Zoltan Andrasi portrays a Saxon lookout and Juhász Vince and Dániel Brezovszky portray a pair of teenage mercenaries. Zsolt Pall, Attila Árpa and Laurent Winkler portray the kings of Orkney, Shetland and Man respectively while Balogh Domokos, Kolos András Takács, Dániel Hernádi and Gábor Turtsányi portray the sons of the kings of Strathclyde, Orkney, Shetland and Man. Several actors also reprise their roles from The Last Kingdom as they feast together in Valhalla: Emily Cox as Brida, Uhtred's childhood friend-turned-adversary; Jeppe Beck Laursen as Haesten, a Danish warlord previously at odds with the Kings of Wessex and Mercia; Magnus Samuelsson as Clapa, a fearless warrior who once served Uhtred; and Peter Gantzler as Earl Ragnar; Uhtred's foster father and a Danish warlord.

==Production==
The producer Nigel Marchant revealed that talks about a film had been proceeding following the launch of The Last Kingdom's fourth series in April 2020. In October 2021, prior to the fifth series of The Last Kingdom being released on Netflix in early 2022, the feature-length sequel to the series was announced at the MCM London Comic Con by Dreymon, who acted as executive producer as well as starring as Uhtred. It was given the working title Seven Kings Must Die and would follow events of the series which took place over a circa-45-year period of history from 866 onwards focusing on the Kingdom of Wessex and ongoing Viking incursions into England.

The screenplay for Seven Kings Must Die was written by Martha Hillier with direction by Ed Bazalgette and production by Marchant, Gareth Neame and Mat Chaplin. Alongside Dreymon, Hillier also served as executive producer. It was produced by Carnival Films and distributed worldwide by NBCUniversal International Distribution. Principal photography began in Budapest in January 2022, and wrapped by the end of March 2022.

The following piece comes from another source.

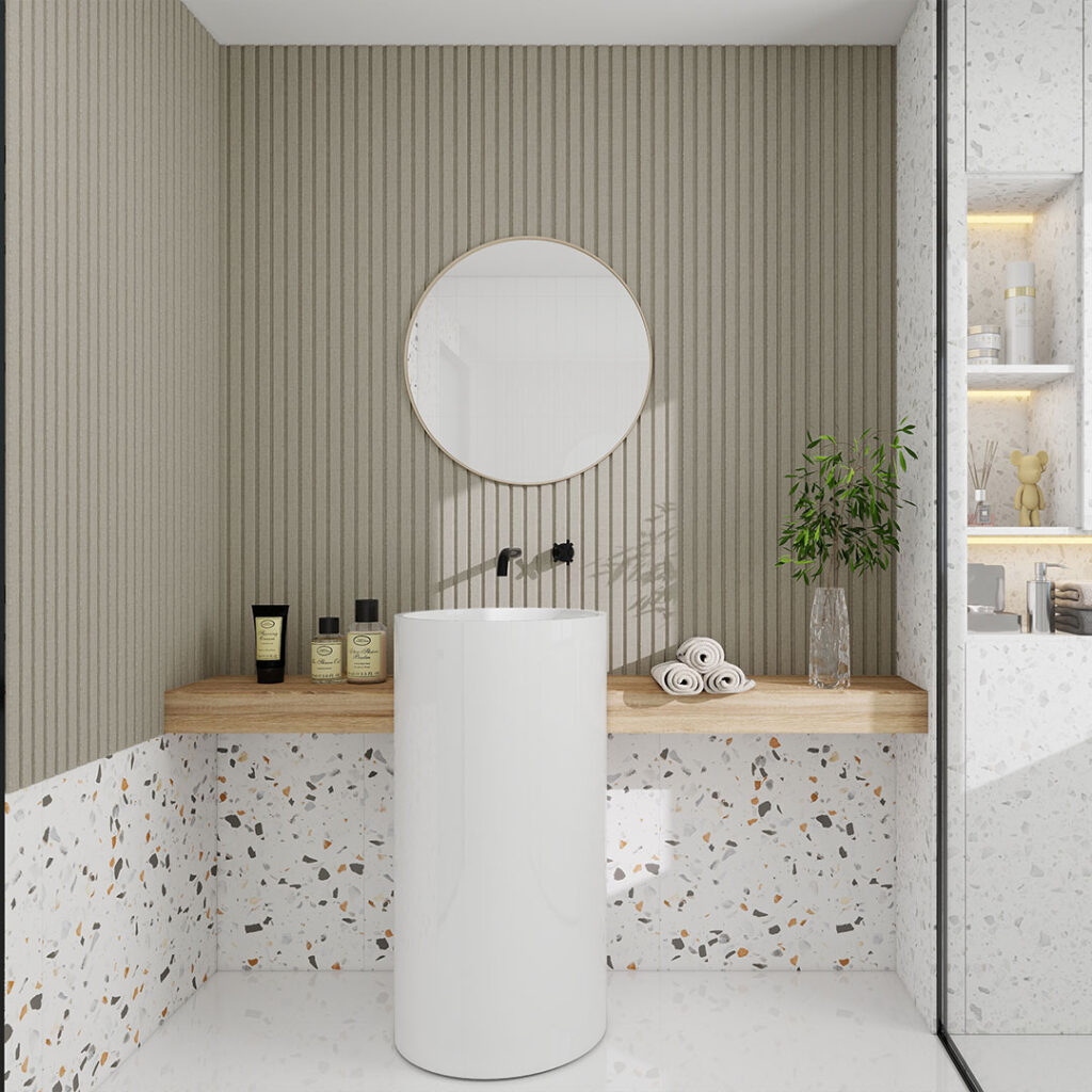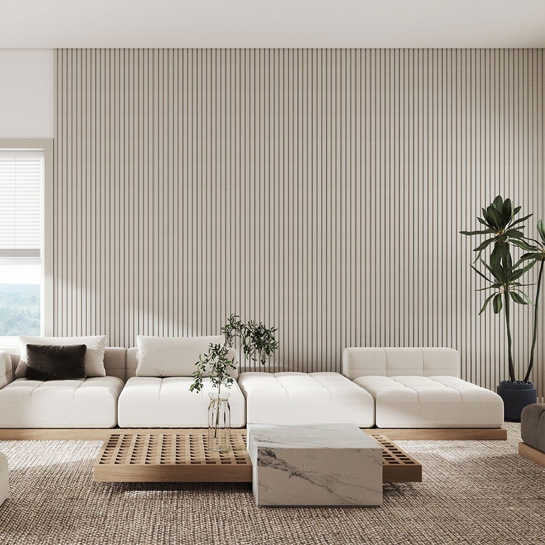 Fully waterproof woven slat panel featuring a subtle textile inspired texture for added surface depth. Designed to deliver refined vertical detail with enhanced tactility for residential and commercial interiors.

Several characters portrayed by series regulars on The Last Kingdom were cut from the film during production which included Lady Aelswith (Eliza Butterworth), King Edward (Timothy Innes), Lady Aelfwynn (Phia Saban), Cynlaef (Ryan Quarmby) and Uhtred's elder children Stiorra (Ruby Hartley) and Young Uhtred (Finn Elliot) due to the condensed running time from the change in format. The screenwriter Martha Hillier stated that "It was heartbreaking..." she began. "But we only really had a certain amount of real estate and we couldn't service all the characters. It's a much more single protagonist story".

==Release==
The film was released on 14 April 2023 on Netflix.

==Reception==

=== Audience viewership ===
Globally, The Last Kingdom: Seven Kings Must Die debuted at number one on Netflix's Top 10 Film English titles for the tracking week of 10–16 April 2023 with 35.5 million hours viewed. On the following week, it remained at number one and garnered 25.7 million viewing hours.

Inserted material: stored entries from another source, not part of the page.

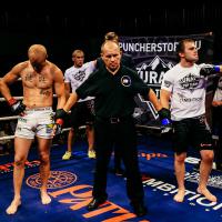 Уральский средневес Олег Оленичев, выступающий нынче за БК “Ратиборец”, известен тем, что сумел пройти жесткий отбор в тренировочный лагерь “Tiger Muay Thai”. Тренируясь в Тайланде, Олег попробовал свои силы во многих известных турнирах азиатского региона. В эту субботу десятая по карду схватка Олега Оленичева и Дмитрия Арышева из “Sech Pro” держала в напряжении весь зал. Постоянный переход из стойки в борьбу и обратно.Все три раунда — броски, демонстрация ударной техники и навыков партера. Дмитрия подвел не совсем верный план на бой - Олег не принял предложение биться в стойке, предпочитая следовать своему сценарию. Обмен ударами чередовался с вариациями клинча, переходящими в амплитудные броски со стороны Олега. По итогам подсчета очков победа у Оленичева.
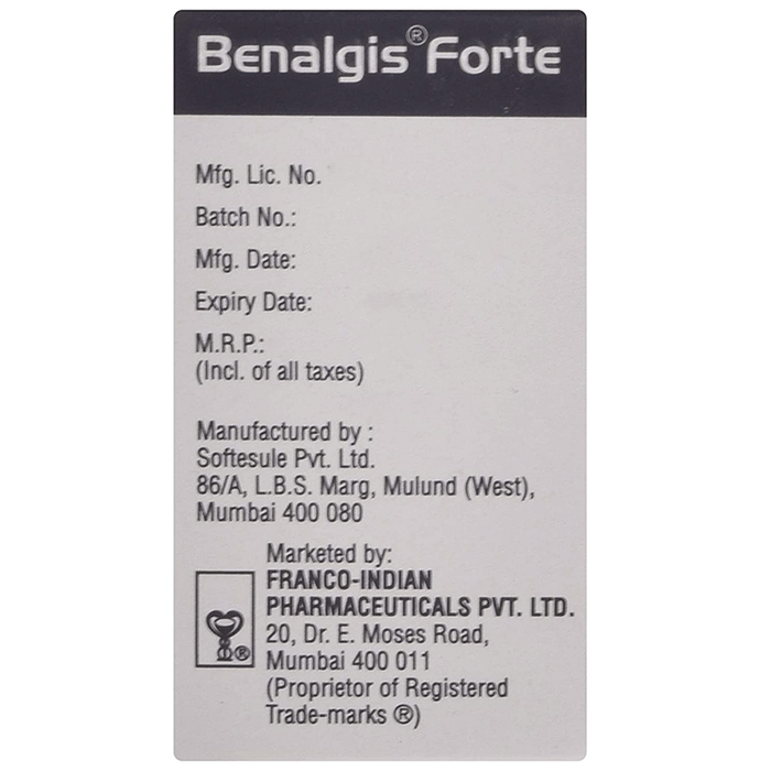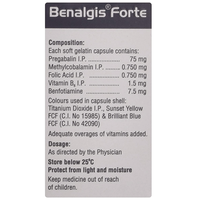 description:Benalgis Forte Soft Gelatin Capsule is a prescription medicine that helps relieve neuropathic pain (pain from damaged nerves). It strengthens the nerves and relieves nerve pain. Benalgis Forte Soft Gelatin Capsule can be taken with or without food. It should be used in the dose and duration as prescribed by your doctor. It is advised to take this medicine at a fixed time. Do not take more than the recommended dose.Benalgis Forte Soft Gelatin Capsule is usually safe with very minimal side effects. However, if you experience severe diarrhea, vomiting, constipation, or any signs of an allergic reaction, please consult your doctor. Also, before taking this medicine, tell your doctor about all other health conditions that you have.Inform your doctor if you are taking any other medicines or if you are pregnant or breastfeeding. It is not advised to drive after taking this medicine as it may cause sleepiness or dizziness and may affect your ability to concentrate and react.
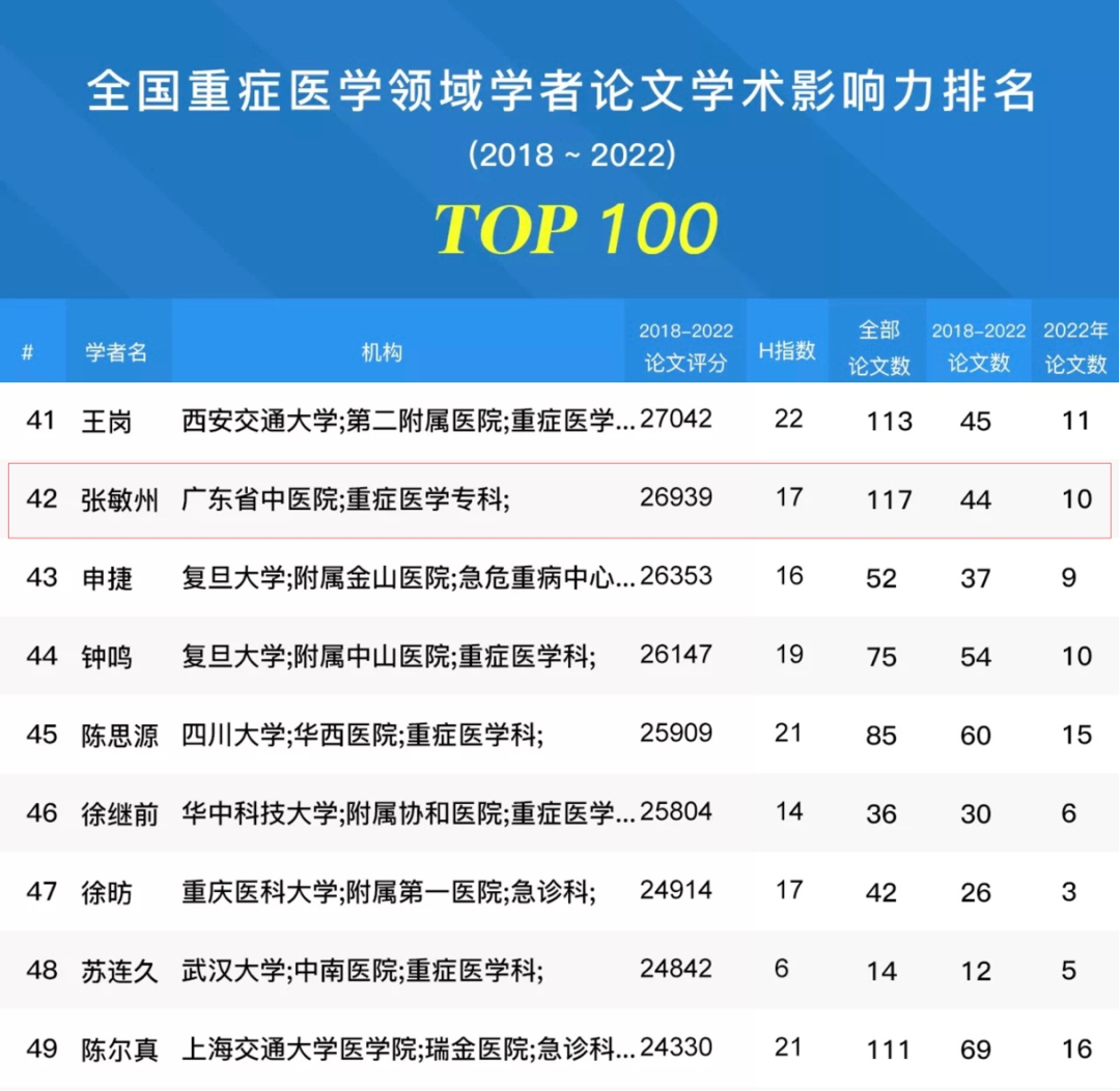 4月20日,“2018-2022年全国重症医学领域学者论文学术影响力排名TOP100”榜单发布。我校第二附属医院(广东省中医院)重症医学科学术带头人张敏州教授全国排名42,是全国中医医院唯一入选百强排名的专家!

In the United Kingdom the film debuted at number two for the first tracking week, and moved down one spot to number three on the following week. In the United States, according to Whip Media's TV Time, it was the most streamed film across all platforms during the week of 16 April 2023.

=== Critical response ===
On the review aggregator website Rotten Tomatoes, the film holds an approval rating of 82%, based on 17 critic reviews with an average rating of 7.1/10. Metacritic, which uses a weighted average, assigned a score of 48 out of 100, based on 6 reviews indicating "mixed or average reviews".

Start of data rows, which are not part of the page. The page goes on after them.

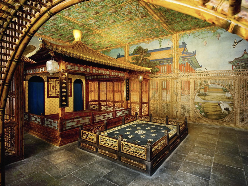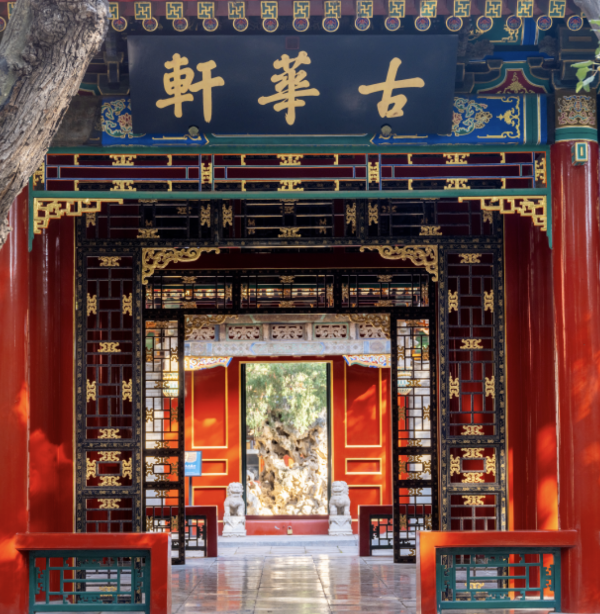 古华轩是一座三开间带周围廊的典型宫廷建筑敞轩。它有着琉璃瓦、绿剪边的外观,这是北方宫廷建筑的特色。走进室内,你会发现整个四面全部都是黑漆描金的落地罩。这种黑漆的加工工艺,实际上是南方的一种工艺特征。在北方,这种工艺既不利于加工,也不利于保养。不过,这可是乾隆皇帝的一大创新,他把黑漆描金的落地罩移植到了这个半开敞的空间里,别有一番风味。
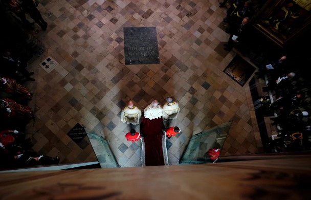 Antes, el monarca fue ungido con aceite consagrado por el arzobispo de Canterbury, el rito religioso más solemne de la liturgia de la coronación, que requiere que el monarca esté temporalmente oculto al público.
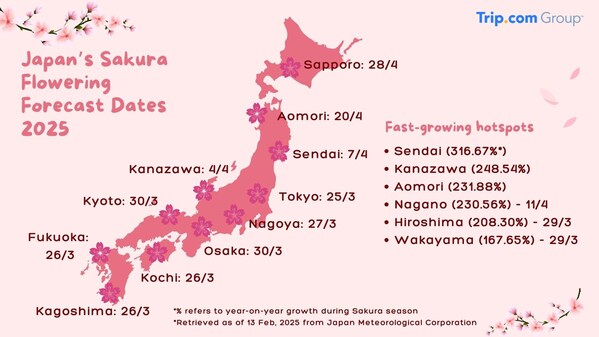 SINGAPORE,Feb. 26,2025 -- As cherry blossoms begin to bloom as March approaches,travellers seeking a less-crowdedsakura spotting experience are flocking to lesser-known cities in Japan to get their flower fix. While the Japanese cherry blossomseason remains a top draw,this year,bookings for off-the-beaten-path and alternative locations beyond Japan are seeing significant growth,reflecting the rising demand for more peaceful and unique experiences in the heart of spring.
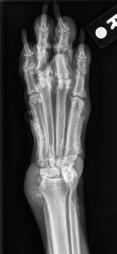 Featured Cases Featured Cases Teaching File Signalment/History: 9yr FS Large Mixed Breed Dog. Swollen carpi and paws with progressive lameness. Advance to next page to compare findings to yours Share this: Click to share on X (Opens in new window) X Click to share on Facebook (Opens in new window) Facebook Like Loading...Pages: 1 2 3 4
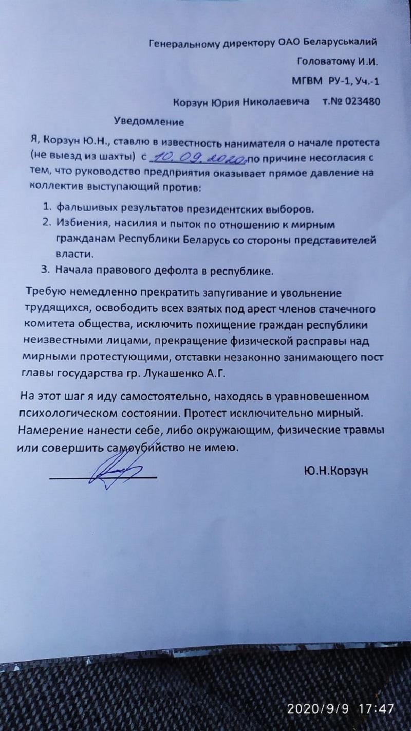 «Требую немедленно прекратить запугивание и увольнение трудящихся, освободить всех взятых под арест членов стачечного комитета общества, исключить похищение граждан республики неизвестными лицами, прекращение физической расправы над мирными протестующими, отставки незаконно занимающего пост главы государства Александра Лукашенко», — озвучил Юрий Корзун свои требования в письме к генеральному директору «Беларуськалия».
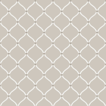 Matte, graue Vliestapete mit geometrischem Ornamentmuster in Weiß, der Hintergrund imitiert einen feinen Putz.
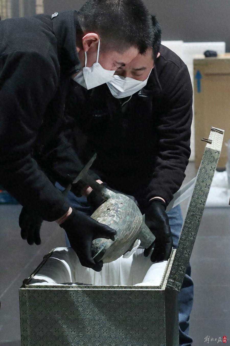 闵博工作人员对雁鱼形铜灯进行点交。
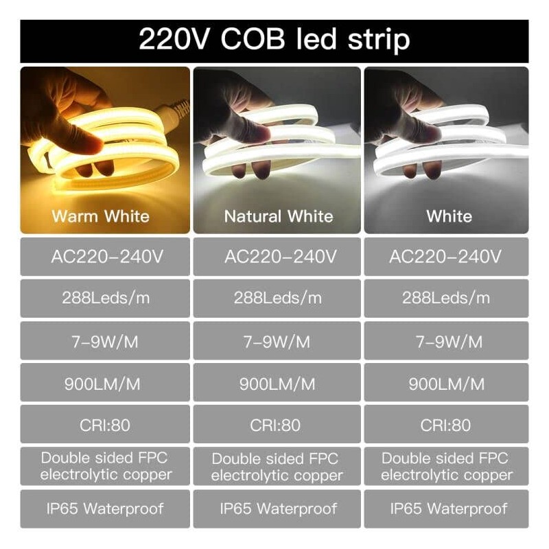 - Buy with confidence: the package includes 2 m COB LED strip light with 220 V EU switch plug. The COB LED strip light has a FCC, CE and RoHS certification. The satisfaction of our customers is very important to us - if you have any problems or comments, we look forward to your message.

Leslie Felperin in The Guardian said that the film has "a ton of plot crammed tightly into the running time", but that the director "Edward Bazalgette manages the storytelling efficiently". Jo Berry in Digital Spy described a "beautifully filmed action adventure with a watchable lead in Alexander Dreymon". Catharine Bray for Variety praised Pekka Strang in his role of the Danish warrior King Anlaf whilst saying it is "probably not a film that will engage too many people outside the show's existing fanbase" but that it "is most interesting, however, is in its approach to religion, sexuality and culture" and the blending of peoples, beliefs and values similar to the modern day.